Ministral is a compact language model from Mistral AI designed for on-device deployment, offering strong instruction-following capabilities with low latency.

This is based on the implementation of Ministral-3-3B-Instruct-2512 found here. This repository contains pre-exported model files optimized for Qualcomm® devices. You can use the Qualcomm® AI Hub Models library to export with custom configurations. More details on model performance across various devices, can be found here.

Qualcomm AI Hub Models uses Qualcomm AI Hub Workbench to compile, profile, and evaluate this model. Sign up to run these models on a hosted Qualcomm® device.

Deploying Ministral-3-3B-Instruct-2512 on-device

Follow the GenieX quickstart to install GenieX and deploy the model on a target device.

Getting Started

There are two ways to deploy this model on your device:

Option 1: Download Pre-Exported Models

Below are pre-exported model assets ready for deployment.

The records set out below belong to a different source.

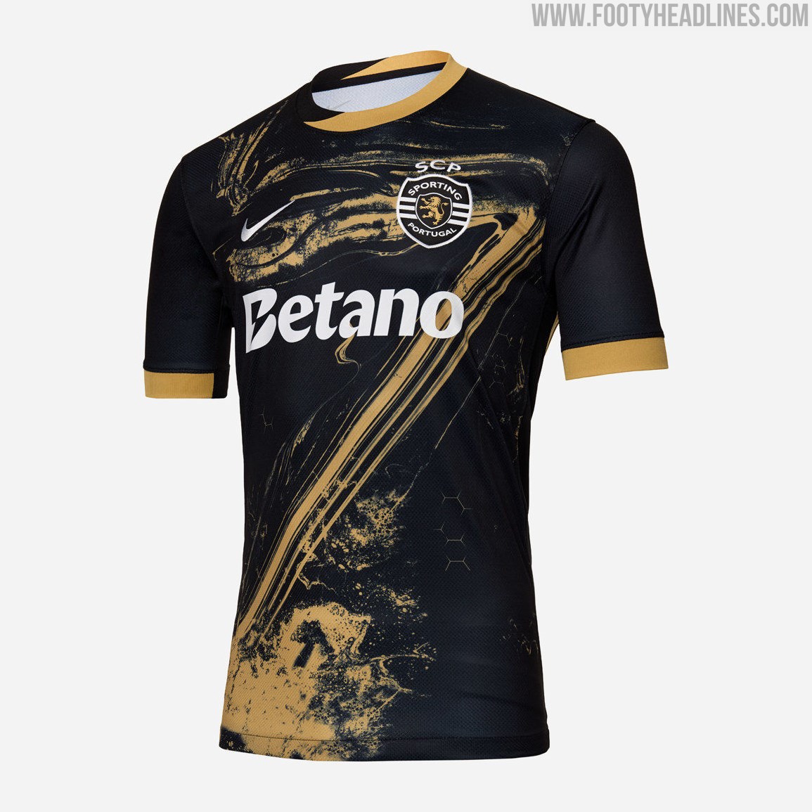 A Nike utiliza um colarinho redondo dividido em metade dourado e metade preto, com punhos das mangas dourados a condizer, para completar a terceira camisa do Sporting 2024-2025.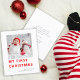 Precio económico Tarjeta plana SMALLER de 4,5" x 5,6" 110 lb para sus saludos festivos en una brillante tarjeta SEMI GLOSS de 110 lb (similar al grosor de una postal) NOTA: El sobre suministrado con esta tarjeta es ligeramente más grande que la propia tarjeta. Tarjeta Feriada de Fotografía Primaria de Navidad. Mi primera Navidad en una moderna tipografía audaz en rojo. Simplemente reemplace la imagen de ejemplo con su propio favorito de formato cuadrado y personalice con su saludo y nombre en la parte inferior y el mensaje en la parte posterior.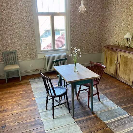 Beskrivning Egen lägenhet i villa från 1904 i två plan. Egen ingång, uteplats och parkering. Exklusivt renoverad och inredd i sekelskiftesstil. Nära centrum och kommunikationer. Utsikt mot kanalen.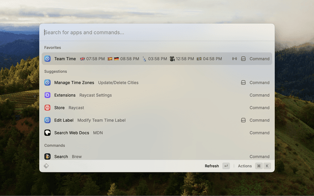 A Raycast extension that allows you to see what time it is in different cities and countries around the world. Easily track multiple time zones for your distributed team.

Runtime Precision Chipset SDK Versions Download
GENIEX_LLAMACPP q4_0 Universal Download

For more device-specific assets and performance metrics, visit Ministral-3-3B-Instruct-2512 on Qualcomm® AI Hub.

Option 2: Export with Custom Configurations

Use the Qualcomm® AI Hub Models Python library to compile and export the model with your own:

  • Custom weights (e.g., fine-tuned checkpoints)
  • Custom input shapes
  • Target device and runtime configurations

This option is ideal if you need to customize the model beyond the default configuration provided here.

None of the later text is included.